Hi guys I was reading a paper and it was left as easy to show that (for $y_k,s_k \in \mathbb R^n$ and $B_k \in \mathbb R^{n \times n}$)
$$B_{k+1} = B_k + \frac{ y_k (y_k-B_k s_k)^T+ (y_k-B_k s_k) y_k^T }{y_k^Ts_k } -\frac{\langle y_k- B_k s_k, s_k \rangle}{(y_k^Ts_k)^2 } y_k y_k^T $$
implies
$$B_{k+1} = B_k -\frac{B_ks_ks_k^TB_k}{s_k^TB_ks_k}+ \gamma y_k y_k^T$$
For $\gamma = \frac{1}{y_k^T s_k}$. Where this has the assumptions that $s_k = x_{k+1}-x_k$ and $y_k = \nabla f(x_{k+1})- \nabla f(x_{k})$. $B_k$ is symmetric positive definite matrix. Also I think we can assume $B_{k+1}s_k = y_k$
I want to show this is true: My attempt
$$B_{k+1} = B_k + \frac{ y_k y_k^T-y_ks_k^TB_k+ y_k y_k^T-B_k s_k y_k^T }{y_k^Ts_k } -\frac{\langle y_k, s_k \rangle}{(y_k^Ts_k)^2 } y_k y_k^T +\frac{\langle B_k s_k, s_k \rangle}{(y_k^Ts_k)^2 } y_k y_k^T$$
Where I just distributed and used the prop of inner product.
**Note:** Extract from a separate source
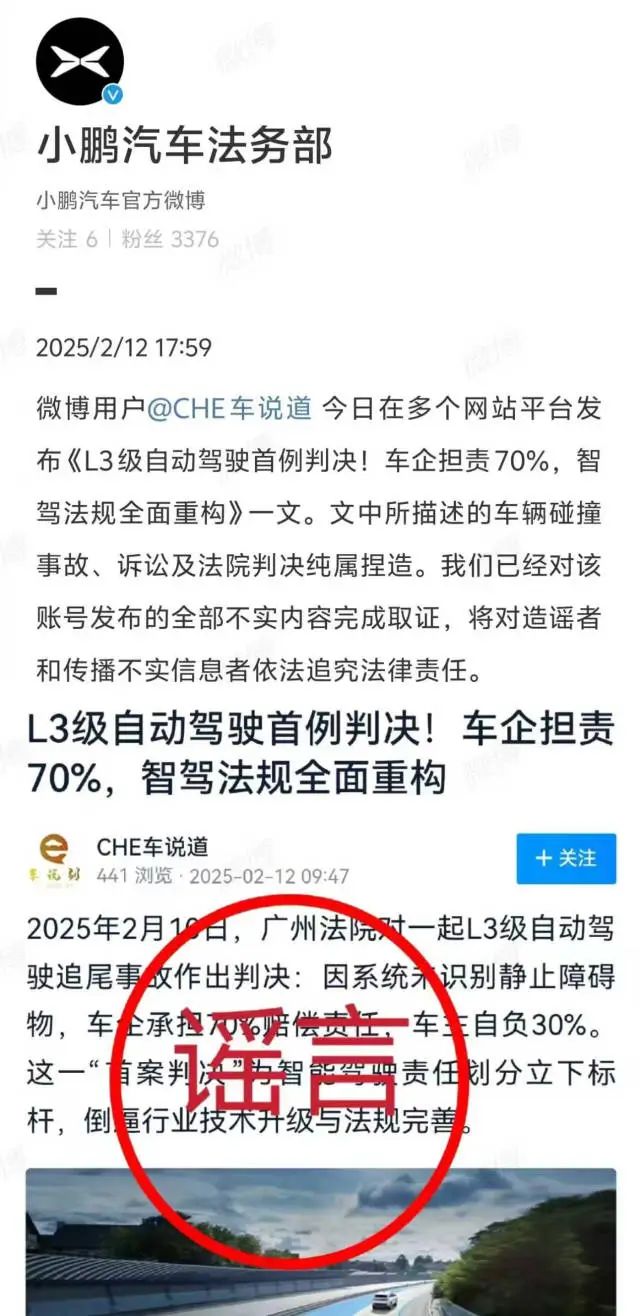 2月17日,小鹏汽车法务部在微博发文称,2月13日,小鹏汽车就有人在网络上造谣“L3级自动驾驶首例判决”向公安机关报案,现案件已侦破,主要犯罪嫌疑人涉嫌寻衅滋事罪已到案。目前该案件仍在继续侦办中。

Now
$$B_{k+1} = B_k + \frac{ y_k y_k^T-y_ks_k^TB_k+ y_k y_k^T-B_k s_k y_k^T }{y_k^Ts_k } -\frac{ y_k^Ts_k }{(y_k^Ts_k)^2 } y_k y_k^T +\frac{ s_k^T B_k s_k }{(y_k^Ts_k)^2 } y_k y_k^T$$
Using the inner product. $$B_{k+1} = B_k + \frac{ y_k y_k^T-y_ks_k^TB_k+ y_k y_k^T-B_k s_k y_k^T - y_k y_k^T}{y_k^Ts_k } +\frac{ s_k^T B_k s_k }{(y_k^Ts_k)^2 } y_k y_k^T$$
Now I am left with $$B_{k+1} = B_k + \frac{ y_k y_k^T-y_ks_k^TB_k+ -B_k s_k y_k^T }{y_k^Ts_k } +\frac{ s_k^T B_k s_k }{(y_k^Ts_k)^2 } y_k y_k^T$$
Now I am unsure how to cancel the last term because it has a square term I need to get rid off.
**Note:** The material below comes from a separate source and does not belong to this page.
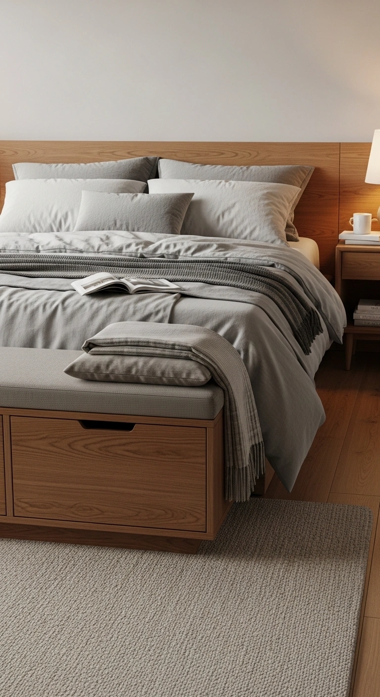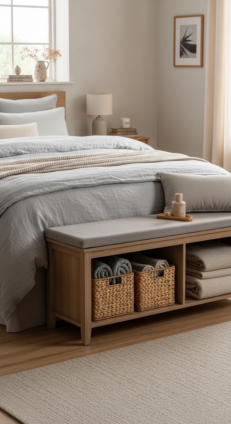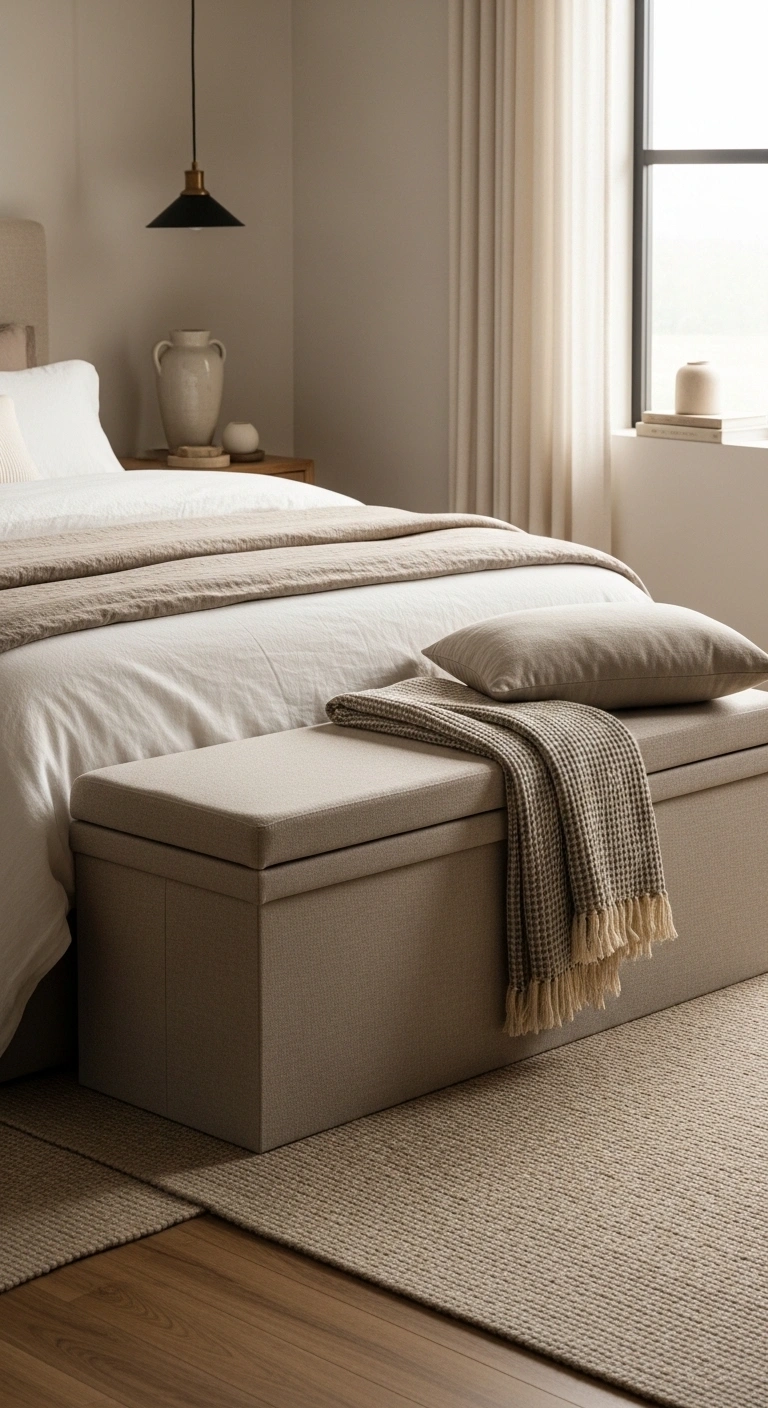 An upholstered bench with hidden storage gives you comfort and a smart place to store items you use often. Place it at the foot of your bed and choose a soft fabric like linen or velvet in warm tones such as beige, dusty rose, or soft gray. The padded top makes it perfect for sitting while getting ready, while the inside space keeps extra blankets, pillows, or seasonal clothes out of sight.

The first update formula is not BFGS. It is DFP update. They are different algorithms, it is not possible to rewrite one to another. However, there is a certain symmetry between them: if you look at the DFP update for the inverse Hessian $H_k=B_k^{-1}$ in the link above, you may notice that the BFGS update for $B_k$ looks very similar - you just need to replace all $B$ with $H$, $y$ with $s$ and $s$ with $y$. In this sense, it is easy to get the BFGS update, but from the inverse Hessian DFP update.